The defense presented their own experts arguing that social media use is one factor among many in adolescent mental health—social isolation, academic stress, peer conflict, and genetic predisposition also play major roles. The battle between expert witnesses often determines jury perception in these cases. A neurologist explaining how Instagram’s algorithm mimics slot-machine mechanics is compelling; a psychiatrist countering that multiple teenagers with identical social media exposure develop depression at vastly different rates is equally compelling. Jury members have to decide which experts they found more credible, which testimony felt more consistent with their own understanding of human behavior.

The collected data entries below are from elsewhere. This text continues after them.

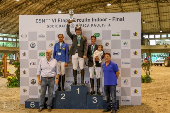 Depois de seis etapas o Circuito Indoor AB Concessões 2015 chegou ao fim neste domingo, 29/11, na Sociedade Hípica Paulista, em São Paulo. Foram 28 os conjuntos concorrendo no GP, a 1.50 metro com armação de Caio Sérgio de Carvalho, dos quais os 12 melhores voltaram para a 2ª e decisiva volta. Sagrou-se campeão o top paranaense Daniel Khury com Wangu Cooper, duplo zero, 42s21, resultado que também lhe garantiu o vice-campeonato na contagem geral do Circuito.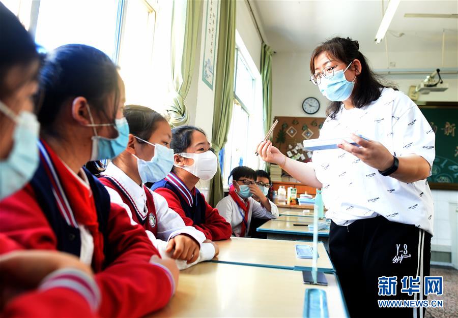 4月30日,諸暨市暨陽小學(xué)五年級4班班主任宣明霞在主題班會上向?qū)W生講解家庭用餐使用公筷公勺的重要性。當(dāng)日,浙江省諸暨市暨陽小學(xué)五年級4班開展“公筷公勺新家風(fēng)”主題班會活動,通過海報設(shè)計、情景劇表演等強(qiáng)化孩子們使用公筷公勺的意識,倡導(dǎo)文明用餐。新華社記者 韓傳號 攝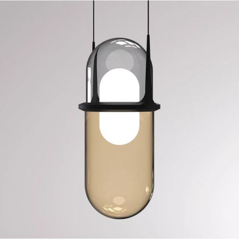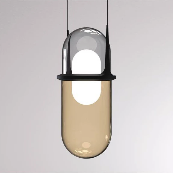 Suspension LED Pille arrondie avec abat-jour en verreLa suspension LED Pille en forme de capsule se compose d'un abat-jour en verre coloré soufflé à la bouche à l'extérieur et d'un verre opale à l'intérieur, ainsi que d'un support et d'une suspension noirs. Grâce au verre fumé très tendance, la lumière sort directement et peut rayonner dans toutes les directions imaginables de la pièce. En outre, le verre permet également de refléter l'environnement. Le verre blanc opalin à l'intérieur garantit un rayonnement uniforme et un éclairage sans éblouissement. Les LED blanc chaud ont un très bon rendu des couleurs avec un indice de rendu des couleurs de Ra >90, de sorte que tous les objets de la pièce apparaissent très fidèlement. Avec le design de la suspension LED Pille, le fabricant a combiné un sens très particulier de la tendance et du design dans un seul luminaire, ce qui est prouvé par le choix des couleurs, le design unique et tendance du verre fumé et la technologie LED à haute efficacité énergétique.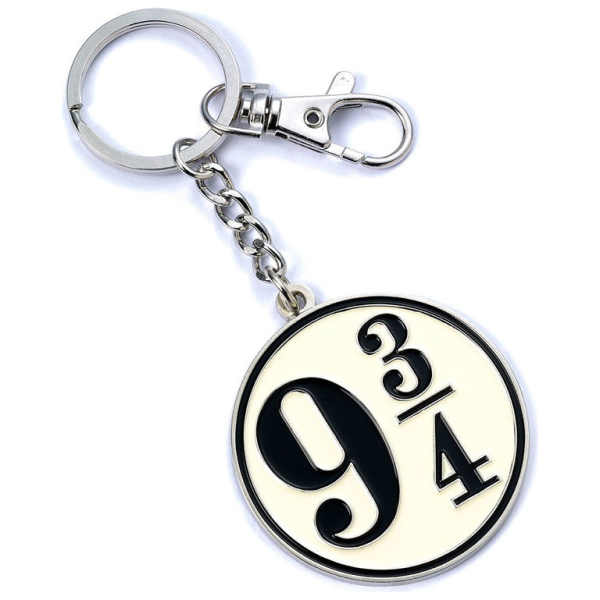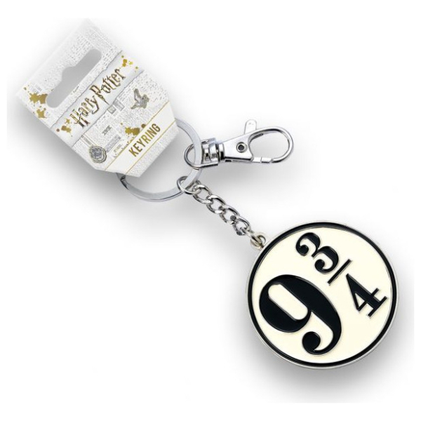 Official Harry Potter Platform 9 3/4 Keyring Platform 9 3/4 Keyring on a silver plated ring and clip This keyring has been created using the official style guide from Warner Bros. They are approx 50mm. It comes on official Harry Potter branded card packaging and shows the Warner Bros logo on the reverse. The Carat Shop are the official licensed manufacturers of Harry Potter Jewellery on behalf of Warner Bros.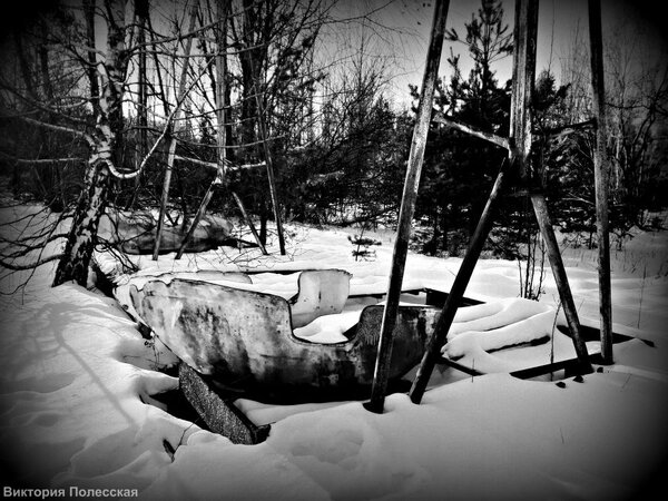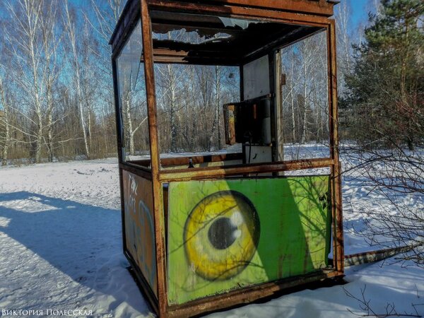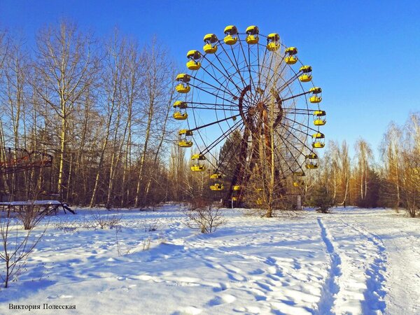 А вот так это же колесо выглядело во время моего визита в феврале 2018 года. Уровень радиации в этом месте пугает: показатели колеблются от 80 до 1000 мкР/час, что превышает естественный фон в сотни раз. От старожилов-ликвидаторов я слышал истории о том, что во время активной фазы работ по устранению последствий аварии на площадке парка садились военные вертолёты.

What Happens Next Regardless of the Verdict?

Whether the jury rules for the plaintiff or for the defendants, this case has already changed the legal landscape. Judge Kuhl’s ruling that Section 230 does not apply to platform design and algorithm choices has opened a new avenue for litigation that will spawn dozens of similar cases. Attorneys representing groups of young people harmed by social media are already preparing new lawsuits using this Section 230 ruling as foundation.

Also, the case has forced Meta and Google to disclose internal documents about their algorithms and their understanding of engagement mechanics—information that will be cited in future litigation. From a policy perspective, this trial has likely accelerated legislative interest in social media regulation. Several states and the federal government have considered bills that would require platforms to prioritize minor safety over engagement metrics, implement circuit breakers that limit use by teens, and disclose algorithmic decision-making. A jury verdict finding platforms liable for addictive design would likely catalyze swift legislative action, as lawmakers point to the jury’s findings as evidence that self-regulation has failed.